長い時間座りながらPCで作業をしているなら、10分間の休憩時間を取って立ち上がったり、軽く歩いた方が集中力が持続しやすいです。

上記の例は仕事場面ですが、【タイムシフト】は日常生活にも取り入れられます。

【タイムシフト】を日常生活に取り入れる方法は以下のとおりです。

  1. 24時間デジタルデバイス機器の電源をoffにする
  2. 映画館やジム、美術館に行って強制的に「没頭させられる行為」をする
  3. 意識的にスローな活動(ゆっくりと読書を読むなど)をする時間を取る

このような方法を取ることでマルチタスクから解放されます。

①のスマホに関してはこれまでも解説してきましたね。

②は、スマホの通知や仕事の連絡、次々に思い浮かぶToDoリストから開放されるためです。
アートや運動に専念すれば【マインドフルネス】の状態になって、余計なことを考えずにすみます。
このことは多くのストレスから開放されることになります。

③は【スロー・リーディング・クラブ】という活動からきてい流そうです。
【スロー・リーディング・クラブ】はその名の通り、【ゆっくり読書をするクラブ】です。
このクラブ活動中はスマホの電源を切り、完全に読書に集中しなければいけないという決まりがあります。

「ゆっくり読書することに、なんの意味があるの?」と思うかもしれませんが、【スロー・リーディング・クラブ】の活動は科学的にも効果が実証されています。

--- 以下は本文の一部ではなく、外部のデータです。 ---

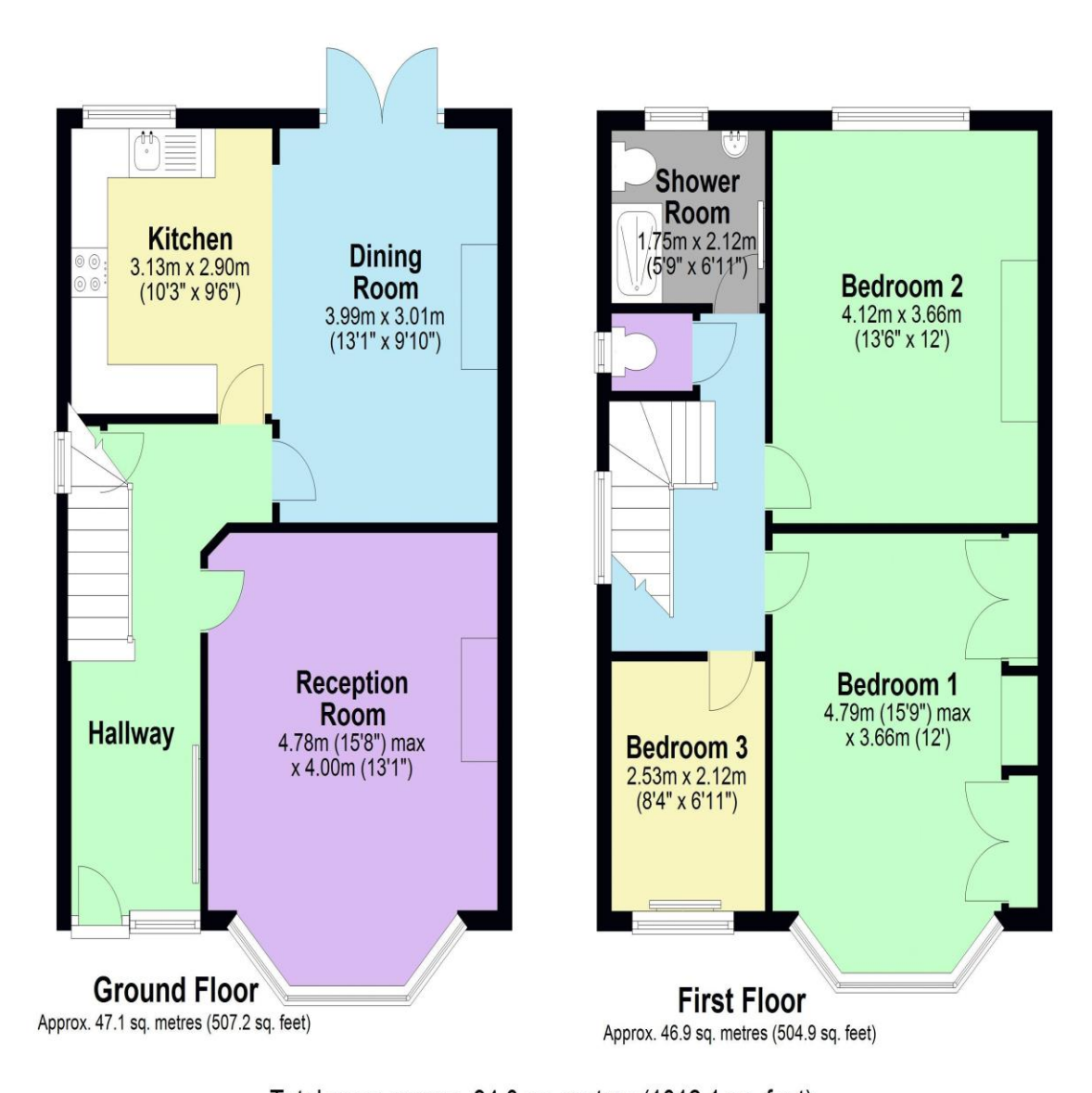
Total area: approx. 94.0 sq. metres (1012.1 sq. feet)

ゆっくりと読書をすることで、【快感】【共感力】【集中力】【ストレス低減】という効果が得られるようです。

これは何も読書だけではありません。

あなたは普段から【無駄な時間をなくそう】と常にテキパキ動いていませんか?

この【無駄な時間をなくそう】と考えて行動することこそが、反対に生産性を下げる要因になっているのです。

生産性を上げて、人生を有意義にするためにも、意識的にゆっくりと活動する時間を作ることは大事です。

もし心当たりがあるのであれば、1日30分だけ時間をとって読書してみてはいかがでしょうか。
もちろんスマホとPCの電源は切ってくださいね。

まとめ

マルチタスクは誰でもしていることだと思います。
がんばっていたことが実は逆効果だったなんて衝撃的なことでした。

でもマルチタスクをやめてしまえば、多くのことを良くできることがわかったのは収穫でした。
それに本書で提案されている方法はどれも【環境を変える】ものなので、自分の意思力は関係ないこともよかったです。

自分を変えるのは大変ですけど、環境を変えるのは簡単です。
少しずぼく自身の環境を変えて、人生を有意義なものにしたいと感じました。

今回のブログで紹介した内容は一部のものです。
気になる方は手にとって見てください。もっといい情報が見つかるかもしれません。